©The Author(s) 2017. Published by Baishideng Publishing Group Inc. All rights reserved.
Miliary tuberculosis infection during hepatitis C treatment with sofosbuvir and ledipasvir plus ribavirin
Maria Pilar Ballester-Ferré, Gastroenterology and Hepatology Department, University Clinic Hospital of Valencia, University of Valencia, 46010 Valencia, Spain
Maria Pilar Ballester-Ferré, Natalia Garcia-Gimeno, Francisco Mora, Miguel A Serra, Digestive Medicine Department, University Clinic Hospital of Valencia, University of Valencia, 46010 Valencia, Spain
Fernando Martínez, Internal Medicine Department, University Clinic Hospital of Valencia, University of Valencia, 46010 Valencia, Spain
Author contributions: Ballester-Ferré MP and Martínez F designed the case; García-Gimeno N performed the research; Ballester-Ferré MP wrote the manuscript; Mora F and Serra MA performed a critical revision.
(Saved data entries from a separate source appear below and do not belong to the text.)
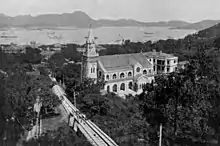 Union Church 3rd generation building next to the Peak Tram line, circa 1908.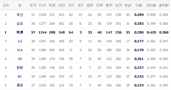 7. 박팡야 (1 루)      7. 김민성 (3 루)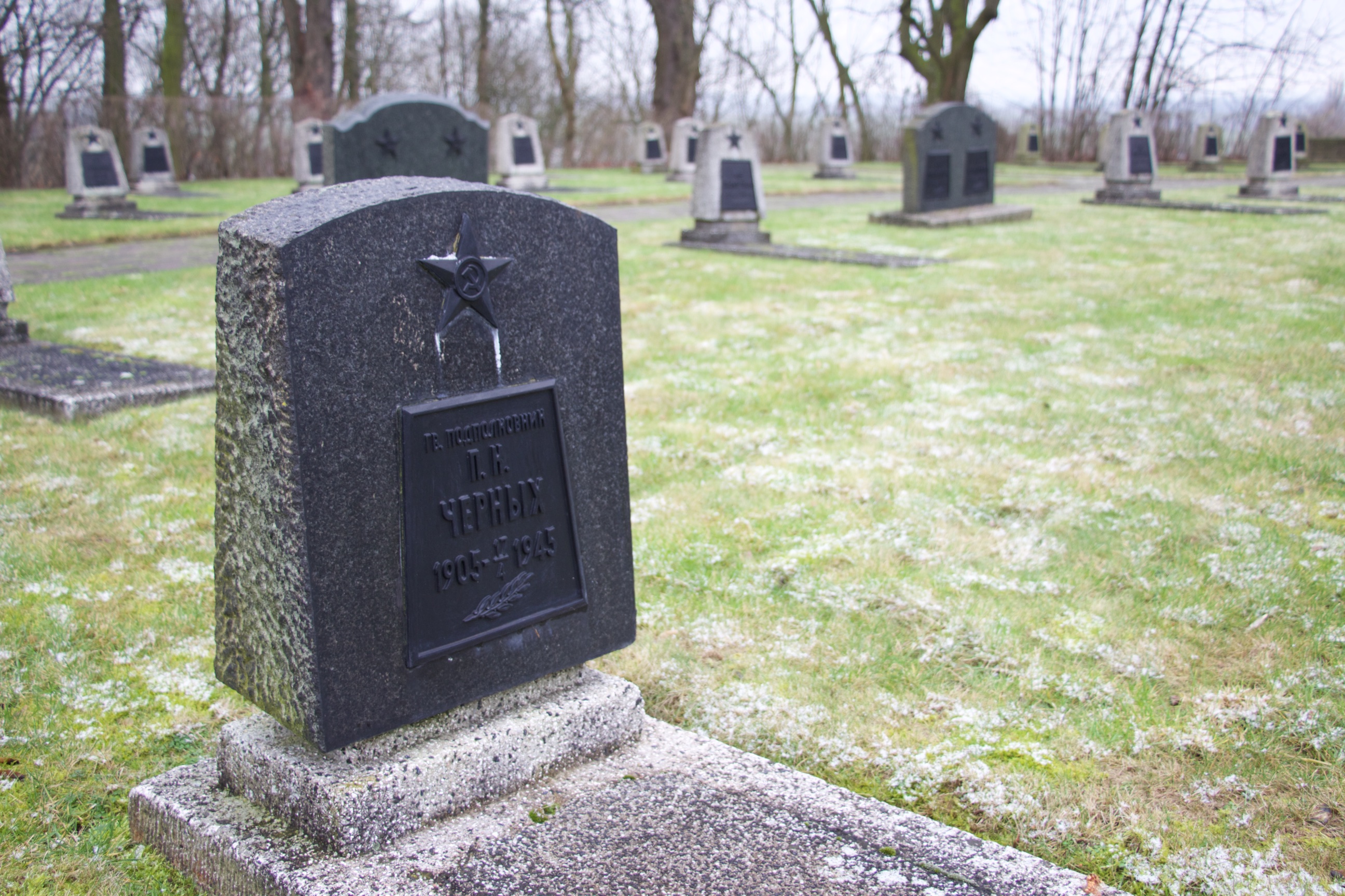 The monument at Seelow was created by Lev Kerbel, who also designed the Tiergarten memorial. The Red Army didn’t waste time: both monuments were inaugurated in November 1945. The Seelow statue shows a Red Army soldier with his hand on the turret of a defeated German tank. From the beginning, the memorial included war graves, but most Soviet and German casualties of the battle are buried elsewhere, at Lebus and Lietzen cemeteries respectively.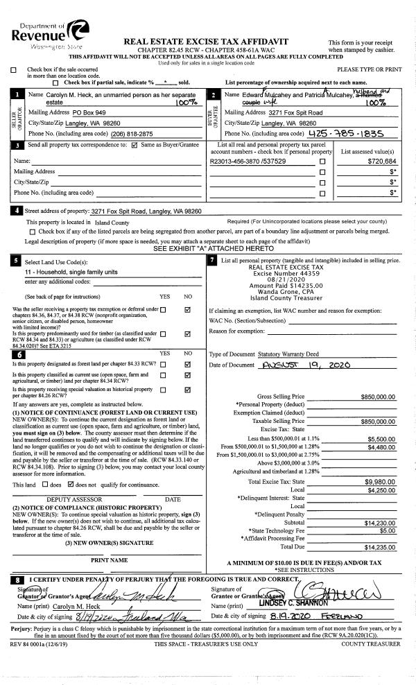| Tax Area: | 710 - APPRAISER-S Whid Schl Dist, outside Langley, improved & 1 acre or less | Land Use Code | 11 |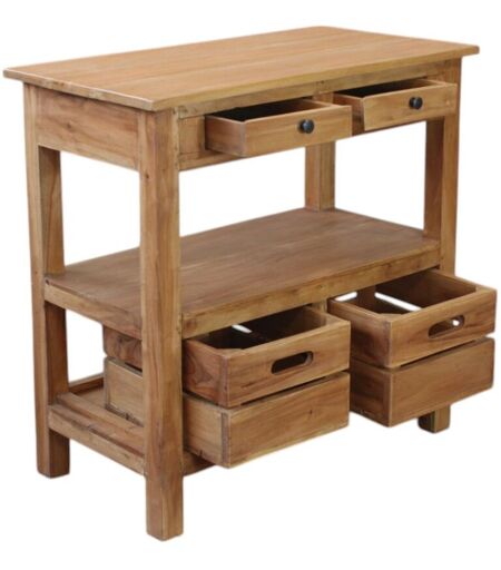 Un mobile in legno riciclato che unisce funzionalità e fascino rustico. Con due cassetti, due cestoni in legno e un ripiano aperto, offre spazio e versatilità per ogni ambiente. La texture del legno recuperato esalta il suo stile unico, rendendolo un elemento distintivo e sostenibile per la tua casa. ...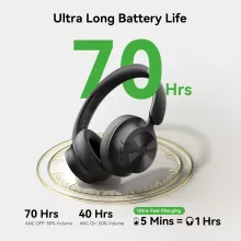Designed for long listening sessions, the lightweight on-ear build—just about 7 oz—pairs breathable memory-foam cushions with air-weave fabric for exceptional comfort. Enjoy up to 70 hours of playback with noise canceling off, or power through 40+ hours with ANC on. Need a quick top-up? Just 10 minutes of charging gives you up to 5 hours of use through the universal USB-C port.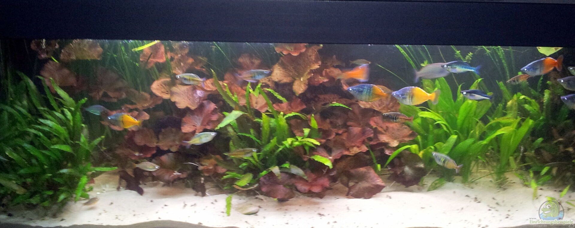 * Klassisches Rechteckaquarium mit stabilisierter Anrichte aus Holz als Unterschrank. * Als Rückwand habe ich einfach schwarz-graues Krepppapier hinters Aquarium platziert und zwischen Glas und Papier ein paar künstliche Pflanzen geklemmt. Habe dadurch eine gute Tiefenwirkung erreicht. Die Valisnerien im Hintergrund passen gut dazu.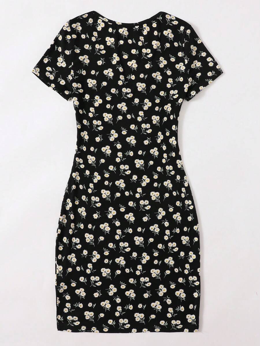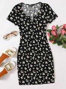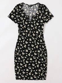 فستان ضيق بياقة مدببة مزخرف بنقوش زهور صغيرة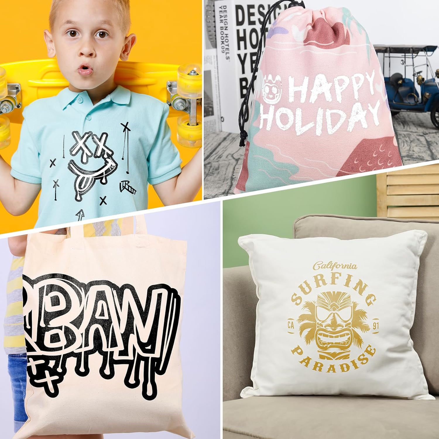 - 【CUSTOMIZABLE & USE WIDELY】12" × 12" pre-cut size White and Black Iron on Vinyl Sheets are suitable for use with most popular cutter machines and cutting mat. Our quality HTV Vinyl Bundle can be used to create stunning projects on a wide variety of fabrics such as including 100% Cotton, Cotton/Polyester Blends and even Athletic Mesh fabrics! Personalize your custom t-shirts, tote bags, caps, aprons, pillows and more with our Vinyl HTV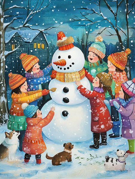 Schneemann | Schneespaß - Dieses winterliche Kindergemälde zeigt eine Gruppe fröhlicher Kinder, die draußen im Schnee einen großen Schneemann bauen, gekleidet in bunte Winterkleidung, umgeben von verspielten Hunden unter einem verschneiten Himmel.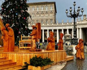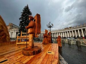 «Il Presepe di Sutrio ha un grande valore simbolico per il Friuli Venezia Giulia sia per la grande attenzione posta alla sostenibilità ambientale nella sua realizzazione sia per la scelta di ricavare la culla nella quale sarà posto Gesù Bambino dalle radici di un albero sradicato dalla furia tempesta Vaia, che si è abbattuta sulla nostra regione con particolare violenza. Quest’ultima scelta trasmette un messaggio fortissimo che incarna i valori delle nostre comunità, le quali hanno sempre dimostrato grande coraggio e resilienza nell’affrontare le tragedie, alcune particolarmente dure, e le sfide che hanno segnato la storia del Friuli Venezia Giulia e delle sue genti». Lo ha detto ieri pomeriggio il governatore del Friuli Venezia Giulia Massimiliano Fedriga – che in mattinata aveva incontrato il Papa – al termine della cerimonia di inaugurazione del grande Presepe di Sutrio che fino all’Epifania sarà esposto in piazza San Pietro nella Città del Vaticano.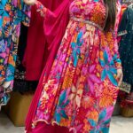Attractive 3pc chinnon lotus cut palazzo set with hand work on upper part & print pattern on all over the kurta with matching plain palazzo with matching print on designer dupatta borders & hand work also on waist.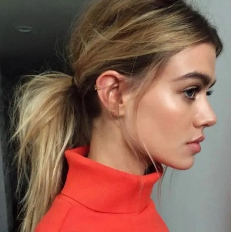 Середній хвіст можна злегка начесати, волосся на маківці збити пальцями і вийде стильне укладання, гідне червоної килимової доріжки. Використовуйте невидимий лак для волосся і текстуруючу пудру для створення такої зачіски.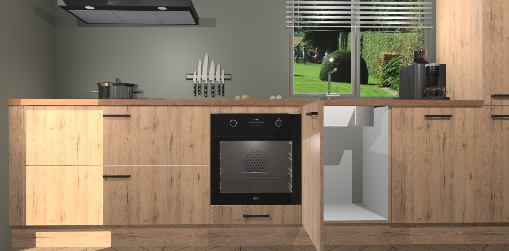- Ombouw om de oven onder het werkblad te kunnen monteren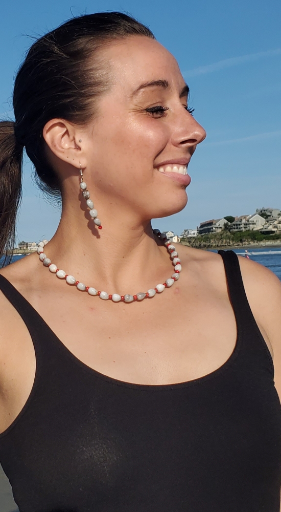 HIÑARU SERIBITU LINE Lolita Handmade Choker Made of Lagrimas de San Pedro and Red Bead. $94.00
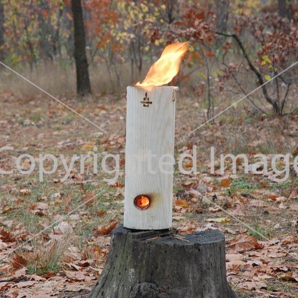 Компактное и легкое устройство представляет собой цилиндрическое полено с двумя отверстиями: вертикальным - для выхода огня, и горизонтальным - для доступа воздуха. На их пересечении в нижней части находится разжигательный брикет. После того, как вы подносите спичку, полено начинает гореть изнутри. За счет образовавшейся тяги пламя получается высоким и красивым.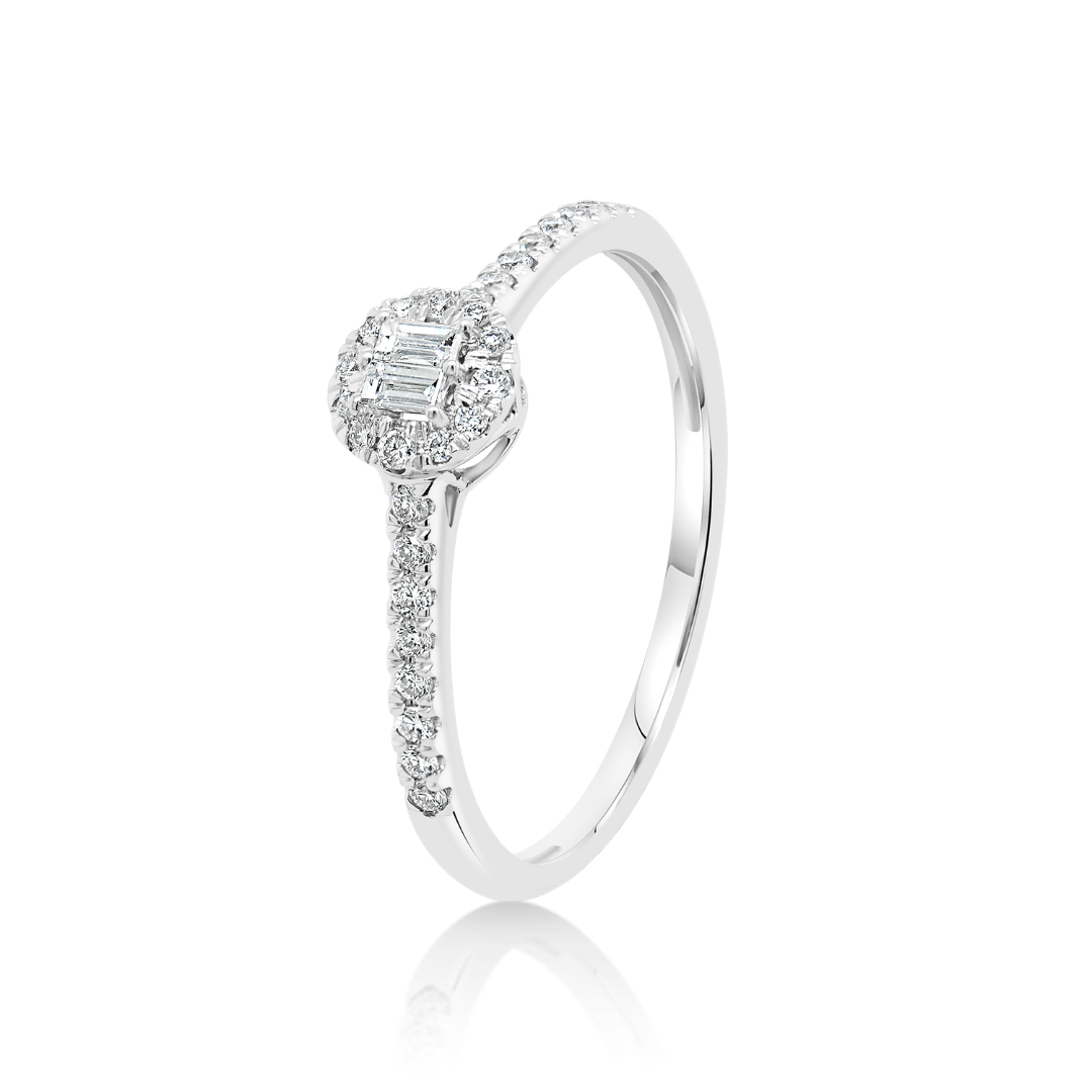 Inel de logodnă din aur alb de 18K încrustat cu Diamante naturale.

Institutional review board statement: This case report was exempt from the Institutional Review Board standards at University Clinic Hospital of Valencia.
Informed consent statement: All study participants provided informed consent prior to study enrollment.
Conflict-of-interest statement: The authors declare no conflict of interest.
Open-Access: This article is an open-access article which was selected by an in-house editor and fully peer-reviewed by external reviewers. It is distributed in accordance with the Creative Commons Attribution Non Commercial (CC BY-NC 4.0) license, which permits others to distribute, remix, adapt, build upon this work non-commercially, and license their derivative works on different terms, provided the original work is properly cited and the use is non-commercial. See: http://creativecommons.org/licenses/by-nc/4.0/
Correspondence to: Maria Pilar Ballester-Ferré, MD, Gastroenterology and Hepatology Department, University Clinic Hospital of Valencia, University of Valencia, Blasco Ibañez, 17, 46010 Valencia, Spain. email@example.com
Received: July 14, 2016
Peer-review started: July 18, 2016
First decision: August 4, 2016
Revised: September 3, 2016
Accepted: October 17, 2016
Article in press: October 18, 2016
Published online: January 28, 2017
Affecting more than 160 million people and at an increasingly higher rate, hepatitis C virus (HCV) infection is one of the main causes of chronic liver disease worldwide. In the last 5 years, treatment for HCV infection has experienced a marked development, especially in the case of treatment for genotype 1. Previously, treatment was based on pegylated interferon and ribavirin for 48 wk, which achieved a sustained virological response (SVR) rate of 45% to 50%. In 2011, the first generation of protease inhibitors-telaprevir and boceprevir-reached the market. The triple therapy with peg-interferon, ribavirin and a protease inhibitor was then adopted as the standard of care, followed in 2013 by the approval of the second generation of protease inhibitor, simeprevir, and the polymerase inhibitor, sofosbuvir. In 2014, the use of ledipasvir/sofosbuvir was approved, as well as the use of ombitasvir/paritaprevir/ritonavir plus dasabuvir for the treatment of HCV genotype 1 infections with or without concomitant weight-based ribavirin. These changes have brought a very significant increase in the SVR, with rates rising above 90%. However, new side effects, such as decompensation of cirrhosis, liver toxicity and some infections, have been associated.
We report the first case of an HCV-infected patient treated for 12 wk with the combination of sofosbuvir/ledipasvir plus ribavirin who developed a miliary tuberculosis infection while on therapy.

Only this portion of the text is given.